Journalists like me remember when Bob said their name for the first time on-air, as the host of NPR’s “Morning Edition” national news magazine. For me, it was in the late summer of 1986. Bob read the intro to my radio story about New York winemaker Walter S. Taylor.
A corporation bought his family’s company, and the courts ruled he couldn’t use his own name on the labels of the new vineyard he just bought. So, Taylor named it “Bully Hill” (he was a fan of Teddy Roosevelt.) And, he printed his name on the wine labels “Walter S.” followed by a black mark. He was also a member of the NASA art team, and he painted Space Shuttle Columbia on the launch pad before its maiden blastoff. I still have the posters and I still have bottles of Taylor’s Space Shuttle “red” and Space Shuttle “white” — unopened. That was later my first,of many, opportunities to work with Bob Edwards.

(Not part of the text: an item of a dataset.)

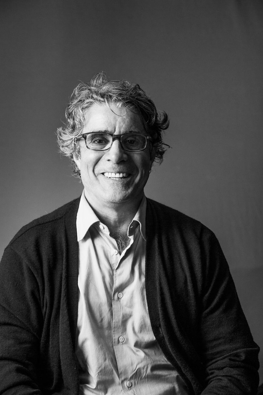 Jordi Torrent 2018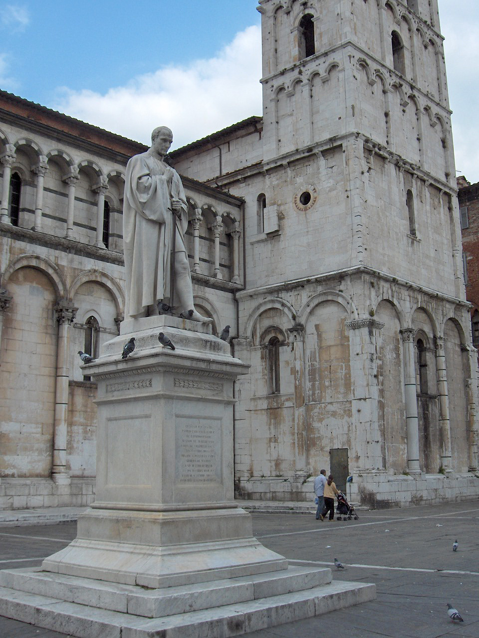 Statue of Francesco Burlamacchi in Piazza San Michele in Lucca, Italy and Church of San Michele. Own photo - photo made by Georges Jansoone on 10 October 2005

If it sounds like I'm spending more time on a news story than on Edwards, that's the point. People who knew him better than I did said the story was always the point. "I don't care if you like me, I care if you believe me," Edwards told an audience in Orlando years ago. I was in that audience, and that line stuck. I use it to this day.
The last time I saw Edwards was an invitation in 2009 to be interviewed on his show on SIRIUS-XM about my second book on the U.S. Space Program, “Trailblazing Mars.” The setting was the Kennedy Space Center just before the launch of Space Shuttle Atlantis on the last repair mission to the Hubble Space Telescope. It was as much of an honor then, and as it was for the Bully Hill story.
I'm sorry to hear of his passing.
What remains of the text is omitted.